━━━ EXCERPTED RECORDS
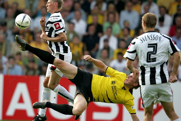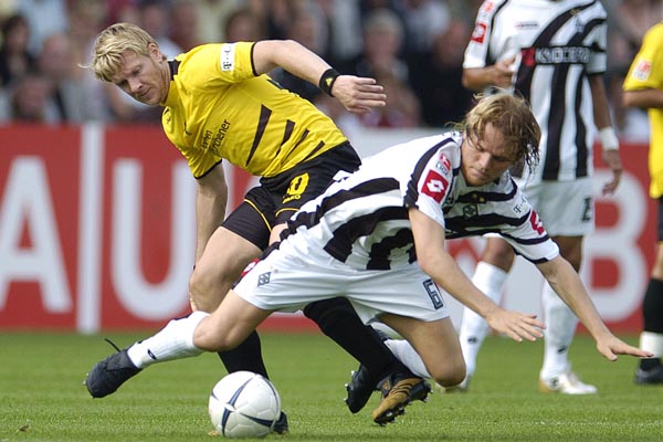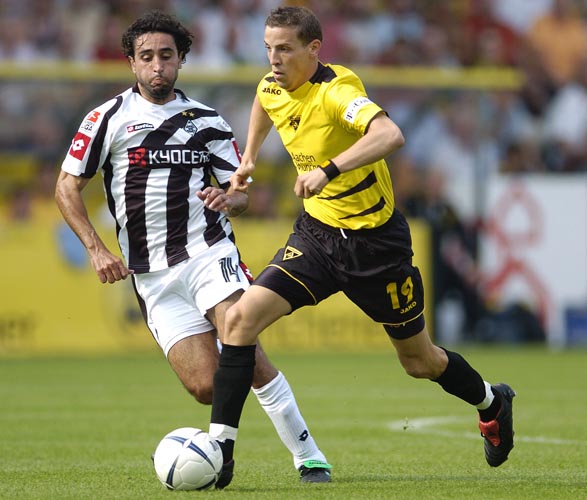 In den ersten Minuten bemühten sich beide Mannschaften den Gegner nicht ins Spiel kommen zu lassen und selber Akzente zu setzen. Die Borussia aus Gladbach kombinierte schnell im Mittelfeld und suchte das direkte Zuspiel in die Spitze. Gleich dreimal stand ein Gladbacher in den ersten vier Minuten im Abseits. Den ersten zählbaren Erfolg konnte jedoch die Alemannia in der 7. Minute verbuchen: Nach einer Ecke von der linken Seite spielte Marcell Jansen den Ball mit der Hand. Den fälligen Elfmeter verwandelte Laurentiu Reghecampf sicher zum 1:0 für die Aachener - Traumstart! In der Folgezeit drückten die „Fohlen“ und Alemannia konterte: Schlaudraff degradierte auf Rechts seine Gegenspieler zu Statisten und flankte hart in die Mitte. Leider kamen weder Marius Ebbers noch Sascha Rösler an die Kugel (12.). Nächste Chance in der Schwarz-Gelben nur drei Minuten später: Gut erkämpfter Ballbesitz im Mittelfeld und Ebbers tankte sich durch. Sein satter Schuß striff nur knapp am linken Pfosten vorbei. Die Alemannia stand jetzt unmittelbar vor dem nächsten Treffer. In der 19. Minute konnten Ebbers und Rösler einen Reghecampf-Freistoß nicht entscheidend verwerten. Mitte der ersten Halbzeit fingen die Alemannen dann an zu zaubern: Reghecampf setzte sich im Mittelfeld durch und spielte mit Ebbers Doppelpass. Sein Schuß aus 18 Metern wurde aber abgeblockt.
━━━━━━
━━━ EXCERPTED RECORDS
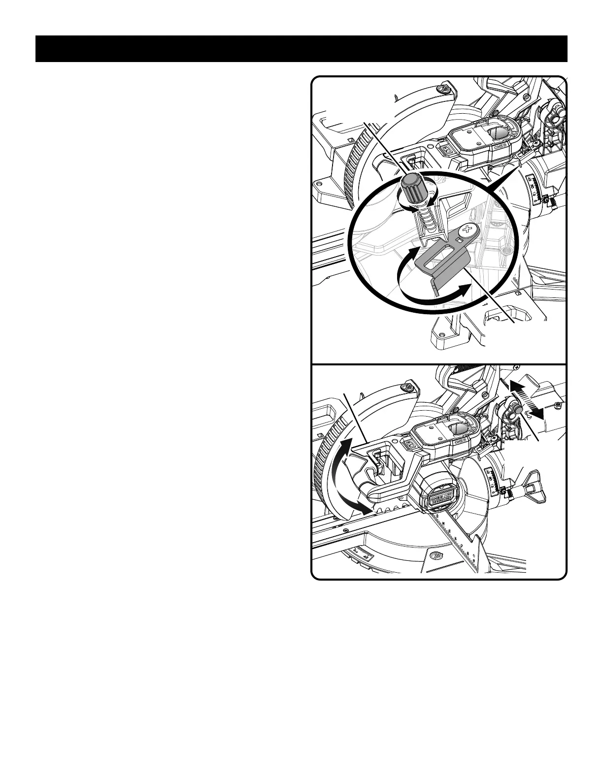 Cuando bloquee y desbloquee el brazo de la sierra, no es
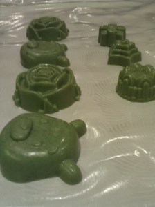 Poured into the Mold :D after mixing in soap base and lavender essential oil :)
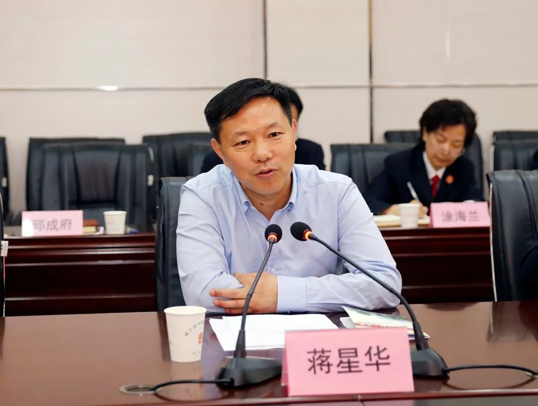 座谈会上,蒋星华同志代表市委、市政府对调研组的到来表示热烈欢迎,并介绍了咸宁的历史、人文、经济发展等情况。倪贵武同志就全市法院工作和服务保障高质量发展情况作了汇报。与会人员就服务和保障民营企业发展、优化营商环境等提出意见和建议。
━━━━━━
### AIM OF THE TASK
Copy nothing but the lines above from the one with "Cuando bloquee y" to the one with "座谈会上,蒋星华同志代表市委", inclusive, word for word. Leave every picture out.

### RESPONSE AREA
 Cuando bloquee y desbloquee el brazo de la sierra, no es
 Poured into the Mold :D after mixing in soap base and lavender essential oil :)
 座谈会上,蒋星华同志代表市委、市政府对调研组的到来表示热烈欢迎,并介绍了咸宁的历史、人文、经济发展等情况。倪贵武同志就全市法院工作和服务保障高质量发展情况作了汇报。与会人员就服务和保障民营企业发展、优化营商环境等提出意见和建议。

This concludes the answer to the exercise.